I had the great fortune of being sent to OSCON by my employer (we're hiring!) this year.  On top of getting to hear from lots of like-minded developers and learning about technology I might not have otherwise considered, I also managed to score some loot!  The most notable of which being a Surface Pro 3 which I had been coveting since their release, but had lost interest due to very steep prices.

Getting it was actually an interesting process that I was perfectly okay with playing into because we're all at OSCON to have fun and learn.
Being their main source of revenue, it's important that Microsoft fend off the impression that Windows is developer unfriendly.  So, the overall gist of Microsoft's booth at OSCON this year was to remind people that you can in fact develop using free and open source tools on Windows, a non-unix.  (Curiously, I have been saying since the 90s that FOSS would be the norm and Microsoft's 180 on it of late is just more writing on the wall.)
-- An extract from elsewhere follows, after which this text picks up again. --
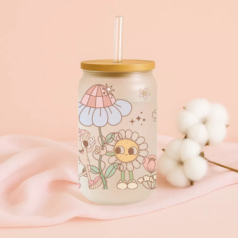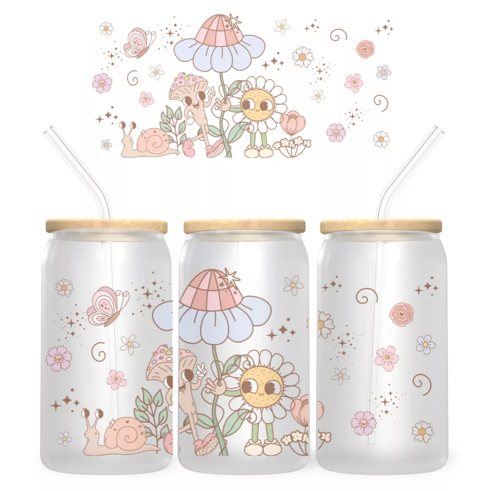 A Floral Fantasy Bambuszfedeles Pohár egy mesés, természetközeli világot hoz el a mindennapokba. A bájos margarétafigurák, a kalapos gombamanó, a kíváncsi csiga és a könnyedén repkedő pillangók együtt egy varázslatos jelenetet alkotnak, amely egyszerre játékos és megnyugtató. A pasztell színek és a finom részletek harmonikusan simulnak össze, így a dizájn tökéletes választás azoknak, akik szeretik a kedves, természet ihlette grafikákat.

To avoid any confusion, I'll spare everyone the risk of thinking I've lost my way:  If you're using a machine that can support having it installed, Ubuntu is still the best platform for FOSS based development - even better than OSX.  Without getting to the extortionate cost of Apple hardware, the tools on Ubuntu are abundant and all the resources are in place to ensure that you're not struggling to get them installed.  If Ubuntu ever comes to feature as strong a suite of software and integration for the Surface Pro 3 & pen, I'd probably end up switching it over.

That all being said, because I like the Metro-style interface, OneNote and stunning battery life, I'm perfectly okay trying to use Windows on my Surface Pro 3. Variety, right?

Expectations

It's important that I still be able to do all the things I'm used to in Ubuntu.  This means I need to be able to run the glut of development tools I'm interested in at any given moment, natively.  No contrived virtual machine setups and complicated internal networks with host filesystem bridges and permission issues.  I need to be able to type php, node or scala and get direct access to the tools.

Because Windows doesn't ship with any kind of package management and because chocolatey is not ready for prime time yet, vendors don't have a clean way to centralize distribution and updates.  This makes it very difficult to access open source packages the way you would on Ubuntu which is usually just a matter of calling apt-get with the occasional PPA having to be added.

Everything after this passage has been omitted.